# Annyeong Hasseyo from South Korea!



## smithy (Nov 25, 2011)

Just thought I'd post and say hi. I'm British and a newcomer to Taekwondo. I've been working and studying in Bucheon-si for 3 months now, but been living in Korea on and off for the last 4 years. 

Anyway, I'm due to take my yellow belt in a few weeks, and I'm thoroughly loving my Taekwondo experience so far. Already feel like this is going to be something that stays with me for life.

Cheers,
Smithy


----------



## itf37 (Nov 27, 2011)

Good luck in ur testing.& yes this will b a part of ur everyday life.


----------



## oftheherd1 (Nov 27, 2011)

Welcome to MT.  Glad you are enjoying your TKD.  Are you studying at a Korean dojan?  I remember the name Bucheon, but I don't recall where it is at.


----------



## smithy (Nov 28, 2011)

Bucheon is south-west of Seoul, close to Incheon. 

I had an interesting experience on Saturday.

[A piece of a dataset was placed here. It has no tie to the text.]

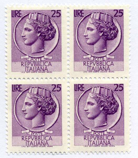 Италия блок из четырех почтовых марок по 25 лир Республика Италия бумага UNC (пресс) 00-00

Master Yoon, the head of our Dojang, is friends with Professor Joo, who is a gold medal-winning coach of the Korean Olympic Taekwondo team, apparently. I met him, and us white belts had to do a kind of 'pre test' in front of him which was nerve-wracking to say the least!


----------



## SahBumNimRush (Nov 28, 2011)

Hello Smithy, and welcome to MT!  We've got a lively group in the KMA threads.


----------



## oftheherd1 (Nov 29, 2011)

smithy said:


> Bucheon is south-west of Seoul, close to Incheon.
> 
> I had an interesting experience on Saturday. Master Yoon, the head of our Dojang, is friends with Professor Joo, who is a gold medal-winning coach of the Korean Olympic Taekwondo team, apparently. I met him, and us white belts had to do a kind of 'pre test' in front of him which was nerve-wracking to say the least!



OK, as I said, I remembered the name but not where.  We used to go to Inchon once in a while to visit some of my wife's relatives, or just to go to the fish market.  I have seen Inchon on the Korean TV.  It is not as I remember it!  Of course, I haven't been there since 1987.

Nice you got to do a "pretest" with another Master/GM.  It gets easier the more you do tests.


----------



## OKenpo942 (Dec 4, 2011)

Welcome to MT.


----------



## Josh Oakley (Dec 9, 2011)

Tamsahameda for stoping by!


----------



## Yondanchris (Dec 12, 2011)

Welcome to MT!


----------



## seasoned (Dec 13, 2011)

Greetings and welcome aboard.


----------